1 Introduction
1.1 Double slit experiment
This section will be updated later on, since there is quite a lot of graphical stuff.
1.2 What is a quantum computer?
To start into the topic of quantum computing and to understand the differences from classical computers, we first need to look at some of the basics of such classical computers.
In a classical computer the information is stored in bits which can either be in the state \(0\) or the state \(1\). These bits can be manipulated through different classical operations and we can look at these bits and read them, without interfering with the system or changing any states.

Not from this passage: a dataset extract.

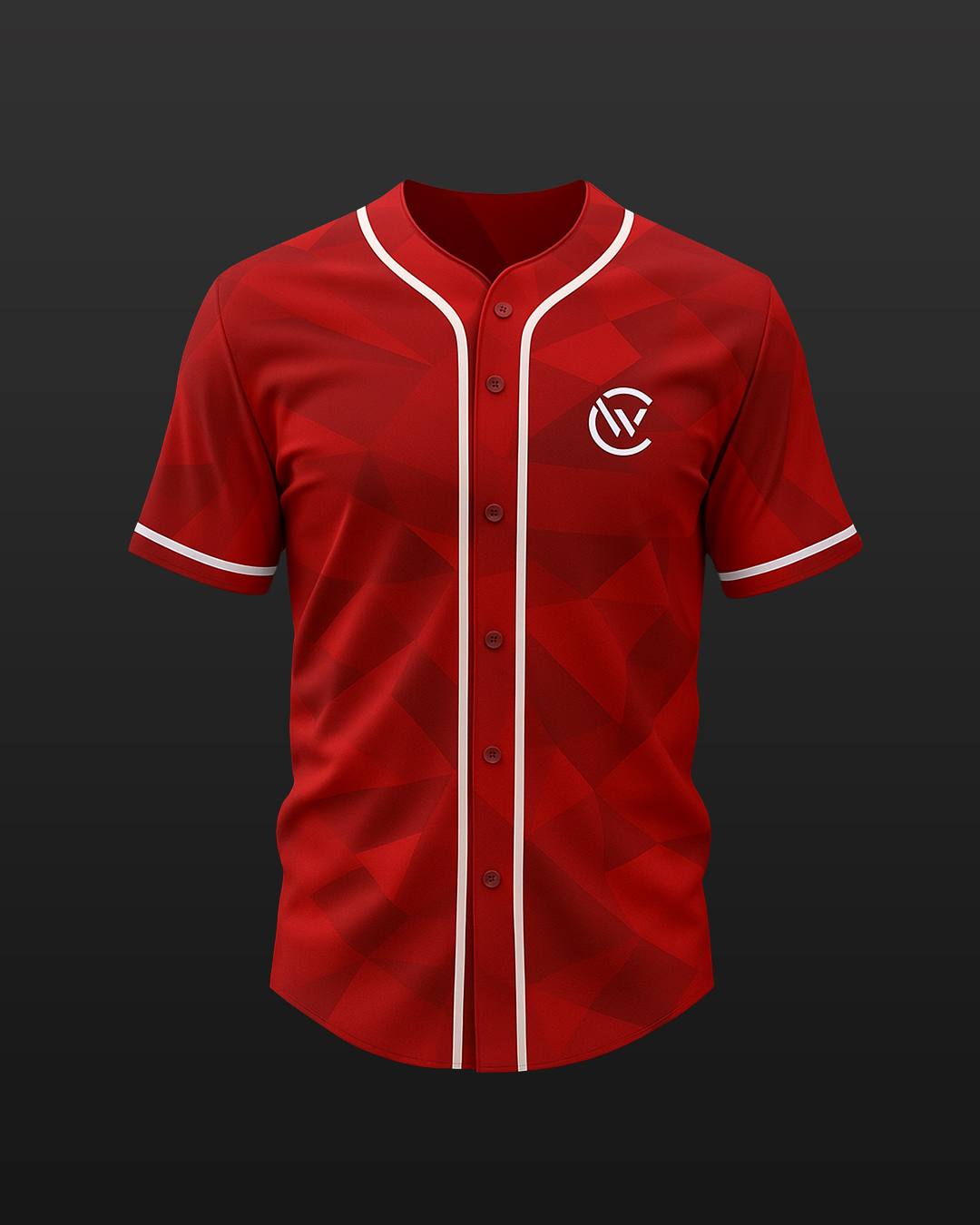 - Step up to the plate in style with our Crimson Diamond Baseball Jersey. This jersey features a bold red base with a distinct, embossed diamond pattern that adds a unique texture and modern edge. The classic button-up front, paired with crisp white piping on the collar and sleeves, provides a timeless baseball aesthetic. Designed for comfort and performance, this jersey is versatile enough for a competitive game or as a stylish piece for everyday wear.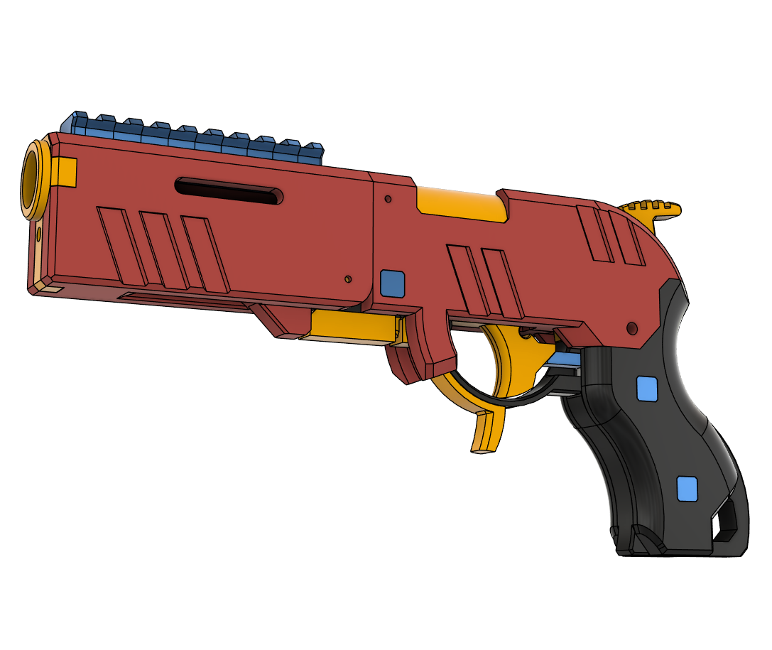 This is a single-action blaster (meaning you have to prime it with the hammer, so you can then fire) with a break-open barrel that uses the inline shells (3 darts) you already know from previous reshells.

In a quantum computer the information is stored in a qubit which can be in a superposition between the state \(0\) and \(1\). Just as with classical computers, we can construct variables from these qubits to store bigger numbers. For example a 64-qubit integer would be described by 64 qubits which are in a superposition between \(0\) and \(2^{64}-1\). This can be imagined best as a variable where the universe has not yet decided on its value and therefore the variable has all possible values at the same time.
We can now use this superposition and manipulate it with different quantum operations. Contrary to a classical computer, in a quantum computer these operations are “applied” at all possible input values at the same time and the result is a superposition of all possible results of the operation. We call this effect quantum parallelism.
Reading this, one might be tempted to utilize quantum parallelism to run any algorithm on a quantum computer in order to optimize runtime. Unfortunately there is a big catch with quantum computers: If we try to look at the state of a qubit (also called measuring), the universe decides randomly on an outcome and therefore when measuring we only get the result of one computation and all the rest of the information is lost.
Due to this restriction, naively running established algorithms on a quantum computer will not work. Fortunately there are some clever tricks to create some “interference” between different computations before measuring. This will give us useful information in some cases.